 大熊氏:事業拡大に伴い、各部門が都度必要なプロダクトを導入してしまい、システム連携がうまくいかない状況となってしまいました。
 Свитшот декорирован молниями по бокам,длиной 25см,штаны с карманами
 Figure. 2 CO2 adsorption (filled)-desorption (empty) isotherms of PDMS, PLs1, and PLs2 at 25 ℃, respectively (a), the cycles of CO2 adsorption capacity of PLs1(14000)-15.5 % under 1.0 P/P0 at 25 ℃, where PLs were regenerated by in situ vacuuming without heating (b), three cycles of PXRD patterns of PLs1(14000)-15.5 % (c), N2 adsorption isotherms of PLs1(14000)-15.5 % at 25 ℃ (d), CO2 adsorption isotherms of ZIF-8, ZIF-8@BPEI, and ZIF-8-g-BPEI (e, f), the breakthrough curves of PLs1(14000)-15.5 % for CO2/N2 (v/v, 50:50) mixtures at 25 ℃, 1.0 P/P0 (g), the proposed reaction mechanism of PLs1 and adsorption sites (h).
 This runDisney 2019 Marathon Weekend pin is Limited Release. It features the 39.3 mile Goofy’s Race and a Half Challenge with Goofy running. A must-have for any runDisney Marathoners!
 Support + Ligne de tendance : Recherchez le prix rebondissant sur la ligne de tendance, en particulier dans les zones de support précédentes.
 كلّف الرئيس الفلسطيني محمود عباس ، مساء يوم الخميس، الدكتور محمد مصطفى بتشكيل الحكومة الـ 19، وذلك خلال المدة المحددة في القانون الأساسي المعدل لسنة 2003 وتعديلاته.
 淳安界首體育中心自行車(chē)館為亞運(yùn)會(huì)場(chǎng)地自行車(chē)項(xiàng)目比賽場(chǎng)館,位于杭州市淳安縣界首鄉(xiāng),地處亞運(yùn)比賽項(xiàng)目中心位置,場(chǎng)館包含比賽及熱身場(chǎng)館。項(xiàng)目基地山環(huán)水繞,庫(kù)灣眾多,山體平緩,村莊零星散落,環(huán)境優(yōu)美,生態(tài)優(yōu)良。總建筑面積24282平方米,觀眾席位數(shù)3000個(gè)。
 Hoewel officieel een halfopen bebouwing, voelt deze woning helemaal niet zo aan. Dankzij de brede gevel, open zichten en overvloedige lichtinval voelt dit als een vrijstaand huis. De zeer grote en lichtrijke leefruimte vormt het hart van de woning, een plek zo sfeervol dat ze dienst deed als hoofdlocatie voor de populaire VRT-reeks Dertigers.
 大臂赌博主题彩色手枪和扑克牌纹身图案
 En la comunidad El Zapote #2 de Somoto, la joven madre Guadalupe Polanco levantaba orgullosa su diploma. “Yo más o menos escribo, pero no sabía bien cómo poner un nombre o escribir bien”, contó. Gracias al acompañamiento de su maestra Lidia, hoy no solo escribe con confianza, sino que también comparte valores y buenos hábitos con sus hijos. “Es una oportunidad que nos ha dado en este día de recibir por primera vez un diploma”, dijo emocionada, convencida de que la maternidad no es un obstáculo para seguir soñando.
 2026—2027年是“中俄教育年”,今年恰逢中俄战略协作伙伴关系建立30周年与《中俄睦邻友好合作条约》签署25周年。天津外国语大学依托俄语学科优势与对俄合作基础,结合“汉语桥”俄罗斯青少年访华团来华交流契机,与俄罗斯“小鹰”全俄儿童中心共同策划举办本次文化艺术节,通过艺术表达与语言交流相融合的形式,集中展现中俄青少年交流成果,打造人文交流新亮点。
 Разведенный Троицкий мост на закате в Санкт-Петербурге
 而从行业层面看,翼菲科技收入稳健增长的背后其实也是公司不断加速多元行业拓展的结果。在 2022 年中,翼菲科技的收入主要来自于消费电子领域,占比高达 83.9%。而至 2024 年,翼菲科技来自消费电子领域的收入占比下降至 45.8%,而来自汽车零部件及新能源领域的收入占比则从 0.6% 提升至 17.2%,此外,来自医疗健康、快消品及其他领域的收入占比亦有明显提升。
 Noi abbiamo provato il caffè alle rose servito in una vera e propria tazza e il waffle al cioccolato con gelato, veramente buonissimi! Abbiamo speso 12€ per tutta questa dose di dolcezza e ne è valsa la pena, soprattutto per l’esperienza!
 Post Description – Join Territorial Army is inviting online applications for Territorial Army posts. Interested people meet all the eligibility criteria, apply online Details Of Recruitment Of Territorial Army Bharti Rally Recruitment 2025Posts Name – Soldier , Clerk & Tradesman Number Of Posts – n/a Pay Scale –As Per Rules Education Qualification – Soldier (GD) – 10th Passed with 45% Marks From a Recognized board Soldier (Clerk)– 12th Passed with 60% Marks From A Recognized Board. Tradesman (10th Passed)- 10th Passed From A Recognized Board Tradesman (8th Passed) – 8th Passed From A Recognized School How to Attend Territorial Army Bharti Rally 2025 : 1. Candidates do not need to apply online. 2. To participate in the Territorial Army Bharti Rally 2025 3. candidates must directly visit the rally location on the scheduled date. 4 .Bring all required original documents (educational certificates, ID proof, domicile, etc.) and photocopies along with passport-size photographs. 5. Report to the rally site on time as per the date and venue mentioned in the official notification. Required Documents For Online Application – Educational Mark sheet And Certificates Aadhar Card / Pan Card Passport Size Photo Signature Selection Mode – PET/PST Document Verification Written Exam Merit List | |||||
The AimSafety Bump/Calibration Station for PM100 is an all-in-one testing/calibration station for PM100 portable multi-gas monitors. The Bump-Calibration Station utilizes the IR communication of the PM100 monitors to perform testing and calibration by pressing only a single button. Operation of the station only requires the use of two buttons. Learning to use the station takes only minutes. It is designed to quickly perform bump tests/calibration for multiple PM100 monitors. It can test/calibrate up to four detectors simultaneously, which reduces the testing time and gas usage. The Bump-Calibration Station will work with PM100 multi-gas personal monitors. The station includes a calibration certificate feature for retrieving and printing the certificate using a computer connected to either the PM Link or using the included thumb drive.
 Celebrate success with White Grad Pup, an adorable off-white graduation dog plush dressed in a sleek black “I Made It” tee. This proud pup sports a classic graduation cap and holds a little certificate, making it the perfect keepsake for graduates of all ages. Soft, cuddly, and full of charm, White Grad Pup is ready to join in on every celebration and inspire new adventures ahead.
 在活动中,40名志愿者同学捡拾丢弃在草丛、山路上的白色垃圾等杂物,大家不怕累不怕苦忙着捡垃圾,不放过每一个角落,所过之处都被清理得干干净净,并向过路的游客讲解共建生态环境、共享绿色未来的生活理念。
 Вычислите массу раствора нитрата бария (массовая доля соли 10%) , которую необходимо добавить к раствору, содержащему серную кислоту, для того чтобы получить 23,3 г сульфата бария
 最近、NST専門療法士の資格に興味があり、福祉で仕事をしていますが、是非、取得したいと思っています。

######

▸ **Your task**: Extract every line containing the string "This" from the material.

▸ **Finished task**:
 This runDisney 2019 Marathon Weekend pin is Limited Release. It features the 39.3 mile Goofy’s Race and a Half Challenge with Goofy running. A must-have for any runDisney Marathoners!
 Celebrate success with White Grad Pup, an adorable off-white graduation dog plush dressed in a sleek black “I Made It” tee. This proud pup sports a classic graduation cap and holds a little certificate, making it the perfect keepsake for graduates of all ages. Soft, cuddly, and full of charm, White Grad Pup is ready to join in on every celebration and inspire new adventures ahead.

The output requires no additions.